Immutable Metadata Not Enough

March 30, 2018

In prior blogs I've explained how NexentaEdge has immutable self-validating location-independent metadata referencing self-validating location-independent payload. The same can be set about IPFS, the Interplanetary File System (https://ipfs.io). While the two storage solutions' handling of payload chunks is very similar, the differences in how objects are named and found are almost as different as possible.

Payload Chunks

The end result of putting a chunk to IPFS is that it is identified and validated with a cryptographic hash, and that the cryptographic hash can be used to find the chunk for retrieval.

This is very similar to NexentaEdge, but there are differences:

IPFS accepts the chunk and then generates its cryptographic hash. A NexentaEdge client directly interfacing to NexentaEdge cryptographically hashes the chunk before requesting that it be put. This avoids transmission of duplicate chunks.
IPFS routing is a consistent hashing solution. NexentaEdge hashes to a Target Group and then does rapid negotiations within the group to find and dynamically place new chunks on the least burdened targets.

Different Metadata Philosophy

The IPFS naming system is still a work-in-progress, but all of their examples suggest a very different method for publishing content accessible by name.

They take the cryptographic hash of the atomic object and embed those references in other documents, which basically function as directories. Each of these directory objects is also immutable, referencing specific frozen-in-time content. The directory object itself has a cryptographic hash, which can be referenced in higher layer directories. Finally a "root" directory is published which is then pointed to by a mutable name to directory object mapping.

From the examples given and the suggested implementations it is clear that this is not intended as a high transaction rate solution. This is something more akin to publishing the daily release of a open-source project. This new root is collected, authorized and published by a single authoritative user.

This is not that bad of an approach for creating a "permanent web", although it would not even seem applicable for sites such as cnn.com that publish continuously.

One of the primary objectives of NexentaEdge is to be a shared repository for versioned documents that can be accessed and updated by thousands of tenant approved users. Any tenant-approved user should be able to post a new object version, subject to tenant-specified ACLs, at any time without interference from other users. Any tenant-approved user should be able to fetch any version of any tenant object at any time without interference from other users beyond contention for bandwidth. Information about new object versions is propagated asynchronously, but rapidly, and with known and measured propagation delay.

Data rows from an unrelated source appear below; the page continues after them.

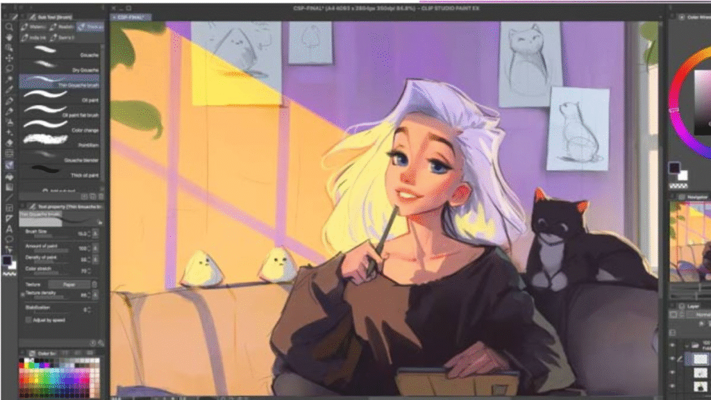 Clip Studio Paint EX is known for its natural brush feel and customizable tools that replicate the look and feel of real brushes and pens. It’s used by professional illustrators, manga artists, and studios around the world for its precision, flexibility, and speed.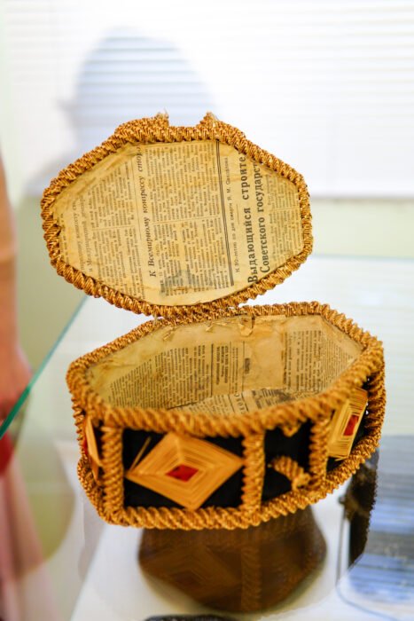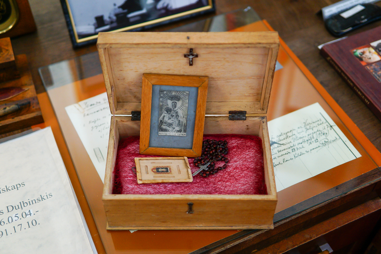 Portals lakuga.lv turpynoj apceļuot Latgolys muzejus i viesteit par tūs kruojuma duorgumim. Itūreiz bejom gostūs Viļakys muzejā, kura direktore Rita Gruševa daudzu vierteibu vydā izcēle treis: trafaretu, ar kuru markēja svīsta kastis eksportam Marienhauzenys muižys foļvarkā Borisovā, skreineiti, kura taiseita karagiustekņu nūmetnē Račūs, i veiskupa Kazimira Duļbinska izsyutejumā lītuotū lyugšonu oltoru-skreini.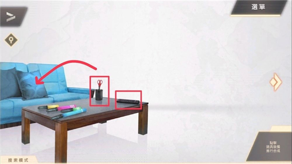 ③ 进入左房间,拾取桌面「剪刀」「遥控器」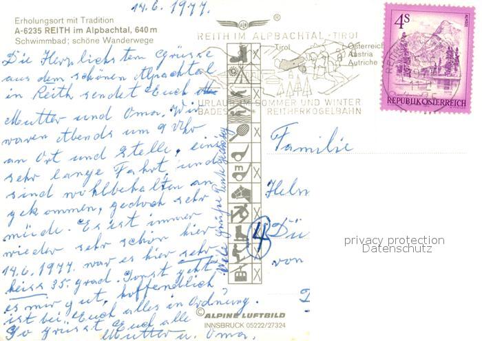 73246147 alte Postkarte Reith Alpbachtal Panorama postalisch gelaufen Erhaltung siehe scans [KathaD81] KatCode: 11390335070522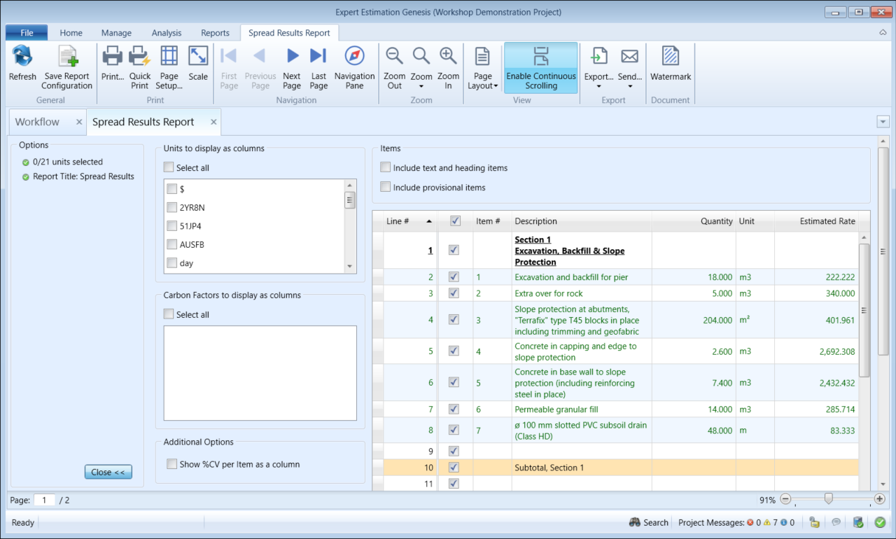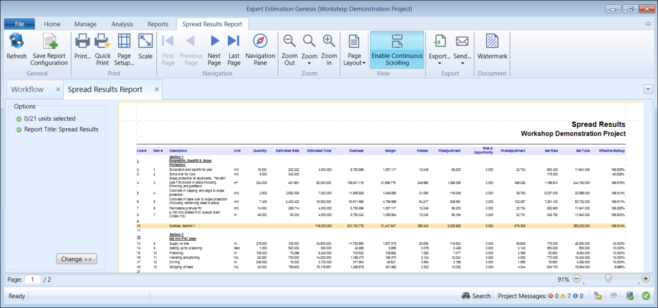 The Spread Results Report provides a print-friendly breakdown of Direct Cost Schedule items and how their sell values are composed as a result of the spread calculation. This report allows you to analyse and verify the results of the spread calculation.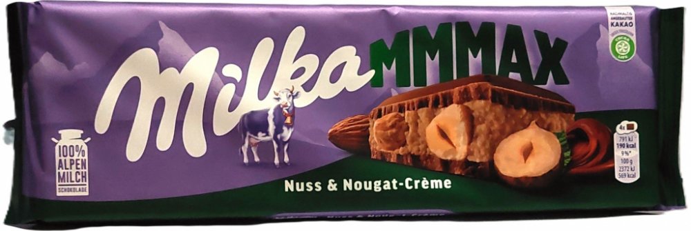 Milka 300 g mléčné nugátové tabulkové 569.0 kcal na 100 g 37.0 g na 100 g 49.0 g na 100 g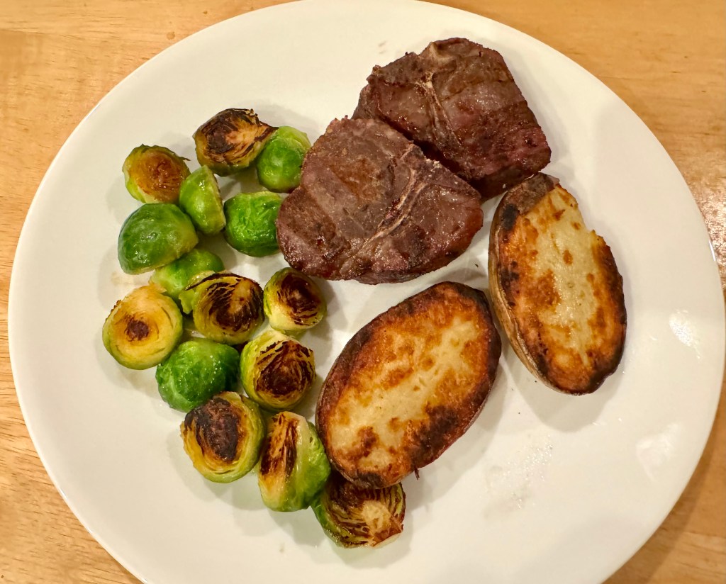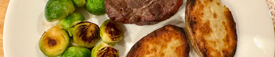 On Tuesday along with our purchase of rotisserie chicken from Costco we also got a package of loin lamb chops. John does such a good job grilling them and we all enjoy gnawing on the bones. For my part I did the zap part of the potatoes (microwaving) and then handed the cooked, split, oiled, and salted potatoes off to John to give them a bit of char on the grill. IDBS refers to Incredibly Delicious Brussels Sprouts. The halved sprouts are started off in a pan with a little water. They are sprinkled with salt, a bit of sugar, and dotted with butter. They cook cut side down, covered for around 10 minutes. Taking off the cover the remaining water dissipates quickly. At this point I add a shot glass of dry sherry. It really enhances their nutty flavor. The sprouts continue to cook until the cut side is brown. They turn out so delicious!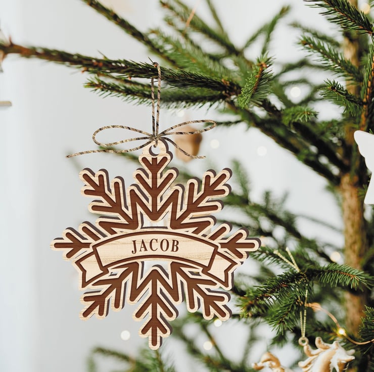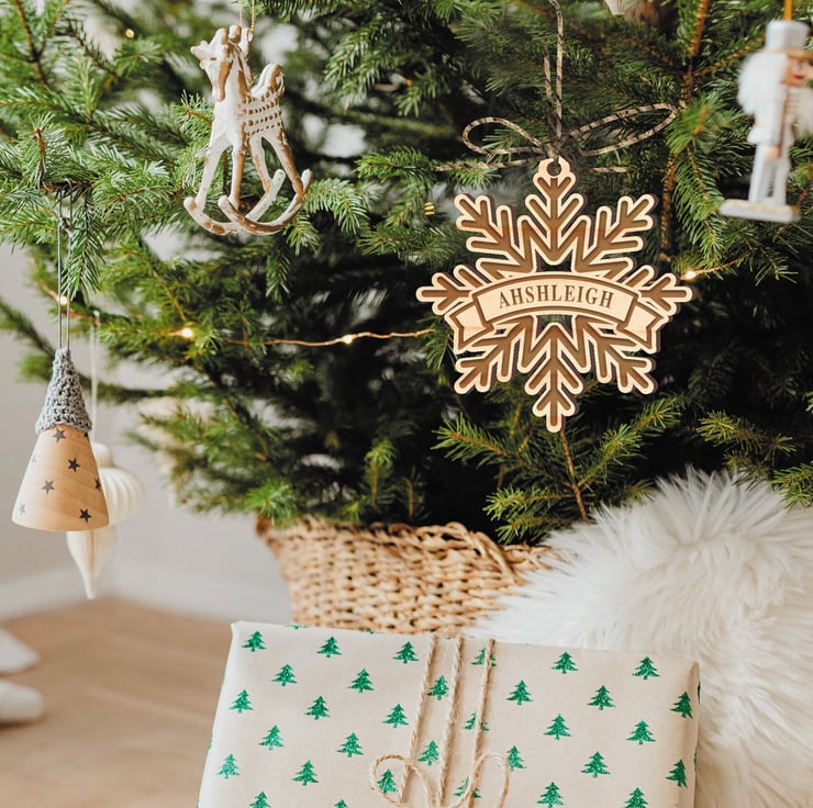 Beautifully engraved, personalised wooden Christmas tree ornament. The perfect keepsake for Christmas. We offer a range of woods to match most tree aesthetics. Whether you're going for rustic and boho or Sleek and modern, we've got you covered!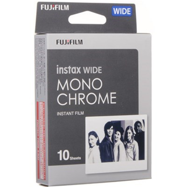 Compatible with a wide range of cameras from the Fujifilm Instax Wide series, each pack of Fujifilm instax WIDE Monochrome Film contains 10 sheets of instant black and white film. This is the film to go for if you are looking to achieve neutral gray tonality and normal contrast with natural shadow and highlight response when used under daylight or flash lighting. The film features a refined grain structure that provides greater sharpness and clarity and a ISO 800 film speed is versatile enough to use with a wide range of subjects. Each sheet of 108 x 86mm film develops into a glossy 99 x 62mm image surrounded by a white border.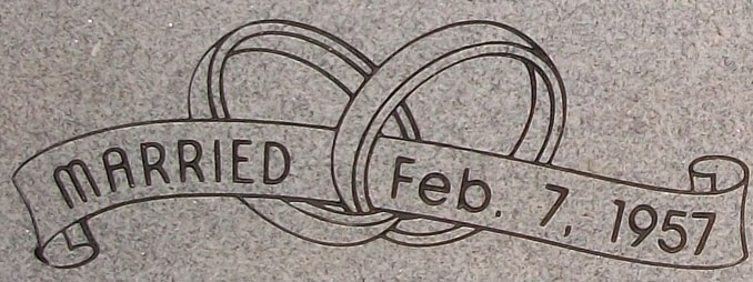 This cemetery headstone design 1699 features a pair of interlocked wedding bands and a ribbon style banner with room for a brief epitaph or a wedding date as shown here sandblasted on to our high quality solid G633 Gray Granite and then enhanced by the addition of a black lithithchrome stone paint. A great choice for any companion monument you choose
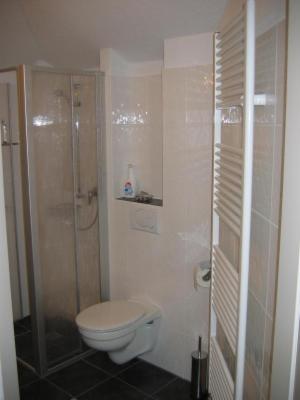 Das Badezimmer ist ausgestattet mit WC, Dusche, Handtuchwärmer und einem Waschbecken.

A storage service, as opposed to a publishing service, needs to treat stored payload as opaque blobs. The storage service is not allowed to find references within the payload because it should embrace client driven end-to-end encryption. The storage service should presume that all payload is encrypted and never try to analyze it.^[1]

So information that supports finding stored object, by name or by other search criteria, must be stored as metadata separate from the payload. Metadata also serves the closely interlocked issue of how and even whether to retain content.

Immutable Version Metadata

By definition, most metadata about a specific version of an object must be immutable. Certain metadata can be independent of the version contents, such as metadata controlling retention of the object version. We can meaningfully talk about changing erasure encoding algorithm used to store a specific document version, but if we are changing the Author of the document we are creating a new version.

In particular, whether or not a given version is the current version of the object is obviously subject to change without changing the version itself. One of the strong points for IPFS is that it does not change the storage for a directory object when the mutable naming reference is changed to point at a new version. This is far preferable to the practice of creating an explicitly versioned name for non-current versions, such as used by Swift object storage.

However, there are many features of the Metadata system required for versioned document storage that IPFS simply does not address:

Single Step searches.
Directory/Folder searches with single edit Hierarchical Path Edits.
New Metadata must be propagated quickly.
Predictable search times building upon short RTOs.
Tenant control over access-to and modification-of tenant metadata.
Metadata driven retention of metadata and referenced Payload.

Single Step searches

IPFS describes a multi-step process to resolve a pathname:

The root of the path name is looked up in the mutable naming system (IPNS). That leads to a directory object encoding references.
Each layer of the the "/" delimited name is then iterated. For "/A/B/C/D", "B" is looked up in the "/A" directory. "C" in the resulting directory, etc.
Finally the reference object is retrieved.

This is common for "distributed" storage systems which have effectively just ported the Unix inode to the cloud. Iterative descent is a great theory and very general, but it has not been a performant solution for some time. Single-node storage servers work around this by caching the top level directories. Web-servers have been caching mappings of fully qualified URLs to files for some time as well. But iterative descent results in terrible performance when you have to jump to different storage servers for each step of the iteration. Once you have distributed storage it is very unlikely that the servers handling "/A" will be the same as the servers handling "/A/B". The same applies for "/A/B/C". Even if the entries are cached everywhere, the process requires too many network round trips. If the object name is "/A/B/C/D" the metadata system has to be able to look that up, within the context of the tenant, in a single-step search.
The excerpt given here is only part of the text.